Pour elle, “mettre en avant le solde courant avec une norme (chiffrée), c’est plutôt plus intelligent que le 3%” du solde budgétaire, “parce que ça agrège tous les déficits, et on sait bien qu’un endettement privé peut devenir assez rapidement un endettement public”, relève-t-elle.

– ‘La modération salariale’ de l’Allemagne –

Et de donner l’exemple de l’Irlande, passée “du jour au lendemain” de finances publiques saines à une crise de la dette lorsque l’Etat a dû renflouer le secteur bancaire après 2008. L’Espagne elle s’est trouvée en difficultés non en raison de dérives budgétaires, mais à cause d’une bulle immobilière.

Autre piste donnée par les deux économistes: suivre de près les écarts des coûts salariaux unitaires.

Modération salariale et excédent courant bien supérieur à 6% du PIB, ce qui est aujourd’hui le seuil de tolérance européen: l’Allemagne sort bien mauvaise élève de l’examen des deux économistes.

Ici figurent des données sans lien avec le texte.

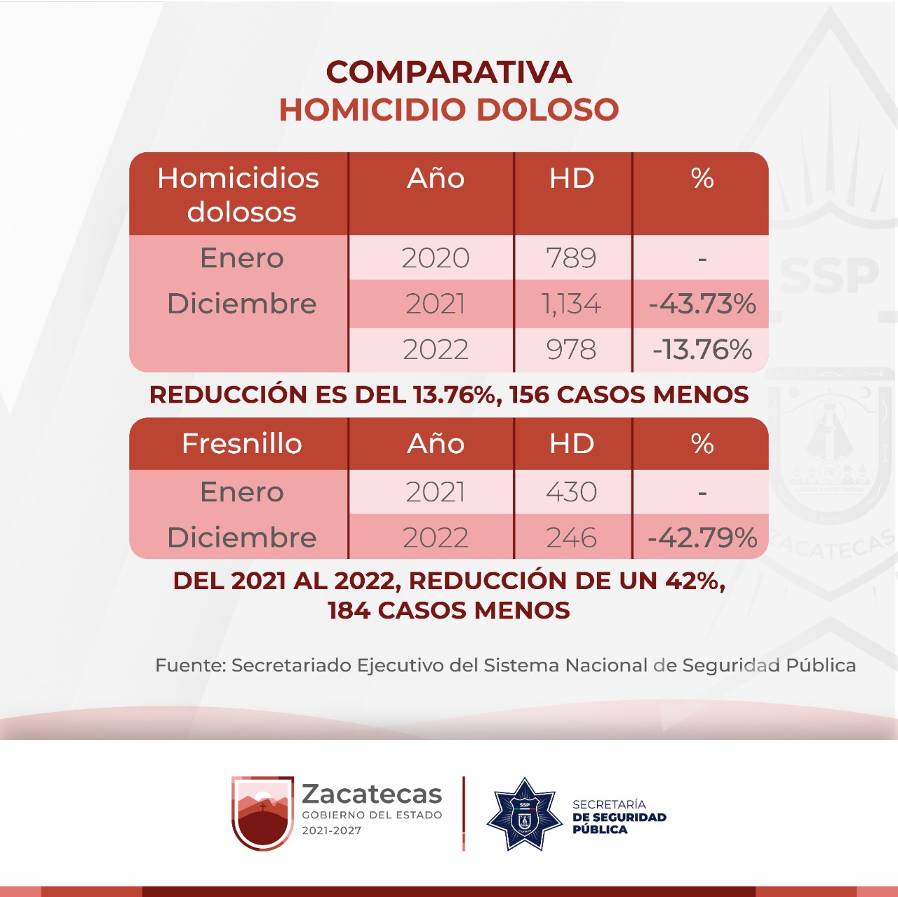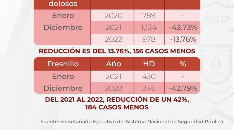 Zacatecas, Zac., 18 de enero de 2023.- En Zacatecas se registró una reducción de homicidios, tanto dolosos como culposos, de 7.57 por ciento en el 2022, al pasar de 1 mil 467 en 2021 a 1 mil 356 el año pasado, de acuerdo a las cifras proporcionadas por el Secretariado Ejecutivo del Sistema Nacional de Seguridad
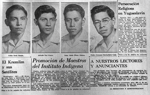Se argumentaba que nadie mejor que los propios maestros indígenas podrían “conocer el alma indígena y comprender los problemas de esa raza que está como encerrada tras un muro infranqueable de costumbres profundamente arraigadas y de un atavismo milenario” (VERBUM, 16 de noviembre de 1952). Como indiqué, este proyecto se concretó con la creación del Instituto Indígena Guatemalteco en 1945, para varones (que cerró a los pocos años y reabrió en 1955) y del Instituto Indígena Nuestra Señora del Socorro en 1954, para mujeres.
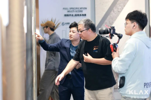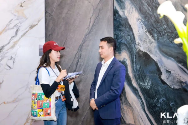 多家媒体都来到2C01打卡探展,包括中国陶瓷网、华夏陶瓷网、陶瓷信息等行业媒体,以及新浪微博等门户网站,KLAX品牌营销中心总经理熊总强也向媒体朋友们讲解了展位的设计亮点与产品特色。 岩之有物 荣誉加冕,领先向前

“La principale divergence, c’est l’Allemagne qui du fait de sa modération salariale a grosso modo sous-évalué ses coûts salariaux de 10 à 20% par rapport à la moyenne européenne, ce qui fait un déséquilibre colossal”, a assuré M. Ragot. Elle a “mangé” les parts de marché d’autres pays européens dans le reste du monde, au profit des exportateurs allemands, a-t-il ajouté. Tout en soulignant aussi que le pays avait dû modérer les salaires pour absorber tout seul le choc financier de la Réunification.

A plus long terme, les deux économistes assurent que la zone euro n’échappera pas à une réflexion sur une plus forte intégration, avec la mise en place d’un budget commun. Mais se montrent pessimistes sur les chances d’y parvenir face à un vote “anti-européen qui n’est pas le même partout”, a reconnu Mme Bénassy-Quéré.

“Par exemple, un système d’assurance chômage européen, avec une valeur de solidarité qui plaît bien en France, ce serait une union de transferts abominable en Allemagne”, a-t-elle indiqué.